To warn you, they aren't cheap by any stretch of the imagination.
 
I saw something elegantly simple once upon a time. It was a linear assembly line, which of course violates modern cell-think of U-shaped assembly lines.

It was a rail system fab'ed out of common structural shapes. It had carriages with flat UHMW platens and fab'ed with structural shapes and casters to hold gearmotors upto 300-400 pounds. The carriages were at a good ergonomic working height. They were manually pushed along from station to station. With this system, one had to be careful about getting fingers caught between carriages, but you can purchase conveyor stops from conveyor manufacturers to fix this problem. At the end of the line, the gearmotors were lifted off using chainhoists. There was a manual trapdoor mechanism to allow the empty carriage to freely roll on a slanted rail back to the beginning underneath the top-level rail. At the beginning, there was a pneumatic system to raise each carriage back to the top rail.
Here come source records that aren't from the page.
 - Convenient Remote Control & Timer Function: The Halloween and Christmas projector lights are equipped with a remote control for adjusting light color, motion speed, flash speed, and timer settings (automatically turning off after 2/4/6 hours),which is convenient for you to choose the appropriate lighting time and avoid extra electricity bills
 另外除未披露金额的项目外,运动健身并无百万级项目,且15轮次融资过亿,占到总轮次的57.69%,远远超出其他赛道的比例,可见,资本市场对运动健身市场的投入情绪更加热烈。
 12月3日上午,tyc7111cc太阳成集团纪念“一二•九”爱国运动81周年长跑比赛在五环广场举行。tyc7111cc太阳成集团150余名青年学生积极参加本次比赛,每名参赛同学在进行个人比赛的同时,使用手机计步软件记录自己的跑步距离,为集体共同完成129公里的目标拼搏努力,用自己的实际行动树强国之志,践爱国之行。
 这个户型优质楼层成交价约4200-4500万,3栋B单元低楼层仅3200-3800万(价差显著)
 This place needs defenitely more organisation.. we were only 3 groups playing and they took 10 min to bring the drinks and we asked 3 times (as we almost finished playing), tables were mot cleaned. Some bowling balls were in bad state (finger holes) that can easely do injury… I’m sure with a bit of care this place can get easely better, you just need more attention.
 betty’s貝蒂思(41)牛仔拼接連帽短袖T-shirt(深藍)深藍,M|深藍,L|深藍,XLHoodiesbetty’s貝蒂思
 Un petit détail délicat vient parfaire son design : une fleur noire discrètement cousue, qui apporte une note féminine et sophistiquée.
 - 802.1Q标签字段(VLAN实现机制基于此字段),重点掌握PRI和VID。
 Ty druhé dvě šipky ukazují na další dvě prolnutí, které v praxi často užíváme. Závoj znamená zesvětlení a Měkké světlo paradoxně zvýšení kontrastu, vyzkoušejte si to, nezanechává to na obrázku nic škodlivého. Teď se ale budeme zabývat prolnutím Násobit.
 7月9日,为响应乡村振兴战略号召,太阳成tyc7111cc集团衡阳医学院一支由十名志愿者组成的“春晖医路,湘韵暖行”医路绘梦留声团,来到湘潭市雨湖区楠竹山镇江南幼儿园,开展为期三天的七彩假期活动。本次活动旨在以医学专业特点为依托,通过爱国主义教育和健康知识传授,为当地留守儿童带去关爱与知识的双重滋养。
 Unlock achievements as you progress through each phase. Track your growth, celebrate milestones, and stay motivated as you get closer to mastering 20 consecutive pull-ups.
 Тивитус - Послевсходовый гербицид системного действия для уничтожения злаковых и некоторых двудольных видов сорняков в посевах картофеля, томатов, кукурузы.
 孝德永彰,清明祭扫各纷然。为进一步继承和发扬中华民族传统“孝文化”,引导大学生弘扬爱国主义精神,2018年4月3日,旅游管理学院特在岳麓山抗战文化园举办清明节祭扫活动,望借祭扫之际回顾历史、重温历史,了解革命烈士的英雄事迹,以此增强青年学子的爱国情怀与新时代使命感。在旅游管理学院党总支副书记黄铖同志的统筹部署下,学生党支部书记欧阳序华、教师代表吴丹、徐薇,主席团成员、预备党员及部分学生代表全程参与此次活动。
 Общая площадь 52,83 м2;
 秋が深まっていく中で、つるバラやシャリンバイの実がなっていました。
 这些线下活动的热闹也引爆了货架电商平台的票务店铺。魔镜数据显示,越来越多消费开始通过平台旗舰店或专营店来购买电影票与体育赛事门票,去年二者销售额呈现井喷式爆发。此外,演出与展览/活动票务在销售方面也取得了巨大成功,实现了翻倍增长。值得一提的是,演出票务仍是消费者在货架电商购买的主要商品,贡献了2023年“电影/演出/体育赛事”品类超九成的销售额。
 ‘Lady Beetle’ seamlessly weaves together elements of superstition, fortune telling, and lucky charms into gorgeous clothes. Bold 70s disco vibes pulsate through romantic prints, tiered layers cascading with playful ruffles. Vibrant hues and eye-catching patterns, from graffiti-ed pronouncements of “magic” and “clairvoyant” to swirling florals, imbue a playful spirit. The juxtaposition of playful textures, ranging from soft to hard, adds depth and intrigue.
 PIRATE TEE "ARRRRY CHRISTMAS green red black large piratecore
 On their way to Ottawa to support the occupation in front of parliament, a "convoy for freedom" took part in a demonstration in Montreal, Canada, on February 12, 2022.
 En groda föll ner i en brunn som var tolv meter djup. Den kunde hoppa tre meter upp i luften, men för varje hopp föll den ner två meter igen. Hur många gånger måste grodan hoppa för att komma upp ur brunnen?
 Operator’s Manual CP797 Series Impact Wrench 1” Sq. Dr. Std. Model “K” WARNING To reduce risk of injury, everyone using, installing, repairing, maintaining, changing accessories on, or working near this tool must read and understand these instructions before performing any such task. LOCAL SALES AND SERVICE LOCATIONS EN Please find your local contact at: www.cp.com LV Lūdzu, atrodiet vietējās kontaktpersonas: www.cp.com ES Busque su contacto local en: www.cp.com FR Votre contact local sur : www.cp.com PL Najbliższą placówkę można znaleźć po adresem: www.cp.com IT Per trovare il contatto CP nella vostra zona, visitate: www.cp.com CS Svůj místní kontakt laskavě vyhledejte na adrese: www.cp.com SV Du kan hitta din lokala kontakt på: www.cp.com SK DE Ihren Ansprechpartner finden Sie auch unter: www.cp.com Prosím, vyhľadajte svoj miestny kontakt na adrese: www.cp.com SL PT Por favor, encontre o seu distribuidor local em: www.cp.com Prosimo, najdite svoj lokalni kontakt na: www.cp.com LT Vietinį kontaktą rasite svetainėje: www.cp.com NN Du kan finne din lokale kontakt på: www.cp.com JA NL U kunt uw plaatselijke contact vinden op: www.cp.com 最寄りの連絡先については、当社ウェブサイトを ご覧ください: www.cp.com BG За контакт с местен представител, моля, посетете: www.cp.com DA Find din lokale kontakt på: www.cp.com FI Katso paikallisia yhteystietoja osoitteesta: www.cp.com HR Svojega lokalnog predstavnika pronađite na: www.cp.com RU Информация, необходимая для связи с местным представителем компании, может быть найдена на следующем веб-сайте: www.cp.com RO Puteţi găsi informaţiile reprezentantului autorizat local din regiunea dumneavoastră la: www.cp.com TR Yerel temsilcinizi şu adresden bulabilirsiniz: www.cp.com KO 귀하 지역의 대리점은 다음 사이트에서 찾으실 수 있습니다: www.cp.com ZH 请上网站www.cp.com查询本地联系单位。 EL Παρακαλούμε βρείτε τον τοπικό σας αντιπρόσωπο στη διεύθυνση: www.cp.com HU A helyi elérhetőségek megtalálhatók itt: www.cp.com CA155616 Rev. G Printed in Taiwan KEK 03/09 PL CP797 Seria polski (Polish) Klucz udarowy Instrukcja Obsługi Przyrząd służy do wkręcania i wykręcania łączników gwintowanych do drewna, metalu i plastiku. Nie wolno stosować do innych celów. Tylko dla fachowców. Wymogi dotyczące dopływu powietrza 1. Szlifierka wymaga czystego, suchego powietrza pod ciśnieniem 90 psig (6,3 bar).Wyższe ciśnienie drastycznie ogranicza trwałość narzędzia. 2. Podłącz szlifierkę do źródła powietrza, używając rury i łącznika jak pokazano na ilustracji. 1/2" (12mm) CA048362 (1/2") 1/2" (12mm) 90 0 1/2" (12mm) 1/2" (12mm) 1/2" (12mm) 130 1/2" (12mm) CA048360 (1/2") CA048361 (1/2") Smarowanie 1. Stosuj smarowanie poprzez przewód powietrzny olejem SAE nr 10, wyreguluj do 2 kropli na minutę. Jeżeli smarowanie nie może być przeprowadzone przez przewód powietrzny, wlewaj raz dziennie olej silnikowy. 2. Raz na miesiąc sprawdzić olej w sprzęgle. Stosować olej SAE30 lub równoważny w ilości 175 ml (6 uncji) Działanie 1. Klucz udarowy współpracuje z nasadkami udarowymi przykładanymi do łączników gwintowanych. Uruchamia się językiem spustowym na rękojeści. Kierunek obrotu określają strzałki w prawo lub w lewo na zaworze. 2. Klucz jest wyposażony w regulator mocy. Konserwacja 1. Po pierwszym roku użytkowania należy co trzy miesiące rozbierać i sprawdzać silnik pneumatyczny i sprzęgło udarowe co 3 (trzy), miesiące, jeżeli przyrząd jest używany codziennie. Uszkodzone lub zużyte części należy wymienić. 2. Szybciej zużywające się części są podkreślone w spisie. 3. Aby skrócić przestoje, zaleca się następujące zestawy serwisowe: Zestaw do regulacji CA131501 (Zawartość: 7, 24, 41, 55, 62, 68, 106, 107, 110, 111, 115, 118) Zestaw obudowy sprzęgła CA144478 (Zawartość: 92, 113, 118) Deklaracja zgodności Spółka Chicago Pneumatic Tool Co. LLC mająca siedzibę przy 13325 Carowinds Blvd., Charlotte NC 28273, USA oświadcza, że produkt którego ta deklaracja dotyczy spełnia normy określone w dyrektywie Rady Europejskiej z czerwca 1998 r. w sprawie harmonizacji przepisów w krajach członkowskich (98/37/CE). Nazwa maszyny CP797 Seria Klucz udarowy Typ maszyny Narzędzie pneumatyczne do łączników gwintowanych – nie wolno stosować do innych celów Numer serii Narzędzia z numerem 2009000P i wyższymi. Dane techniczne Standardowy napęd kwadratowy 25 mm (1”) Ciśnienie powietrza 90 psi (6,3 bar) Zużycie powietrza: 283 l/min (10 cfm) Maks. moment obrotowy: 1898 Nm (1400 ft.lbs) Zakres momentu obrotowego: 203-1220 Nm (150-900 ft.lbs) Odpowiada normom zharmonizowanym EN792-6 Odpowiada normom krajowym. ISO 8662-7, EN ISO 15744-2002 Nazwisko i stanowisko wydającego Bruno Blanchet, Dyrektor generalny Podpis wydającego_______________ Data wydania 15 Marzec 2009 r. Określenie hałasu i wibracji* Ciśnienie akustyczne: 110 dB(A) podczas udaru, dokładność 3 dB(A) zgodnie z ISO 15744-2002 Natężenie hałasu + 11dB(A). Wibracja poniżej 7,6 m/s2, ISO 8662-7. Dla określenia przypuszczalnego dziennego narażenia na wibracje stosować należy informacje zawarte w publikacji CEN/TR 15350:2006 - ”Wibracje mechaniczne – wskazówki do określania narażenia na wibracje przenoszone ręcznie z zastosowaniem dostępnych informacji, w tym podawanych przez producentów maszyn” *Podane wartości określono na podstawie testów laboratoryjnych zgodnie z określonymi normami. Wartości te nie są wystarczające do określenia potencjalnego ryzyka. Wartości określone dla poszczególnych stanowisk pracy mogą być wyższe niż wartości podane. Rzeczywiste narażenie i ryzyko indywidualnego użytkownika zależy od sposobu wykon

Then again, you can spend a lot of money with a conveyor salesman to do the same thing.

TygerDawg
 
TripleZ, thanks for the link. We haven't set a cost to our system yet, so its hard to compare to a turn-key/custom solution from an outside source.

Tygerdawg, your example sounds almost exactly what we have envisioned. We definately going the linear vs u-shaped line.

[green]"Art without engineering is dreaming; Engineering without art is calculating."[/green]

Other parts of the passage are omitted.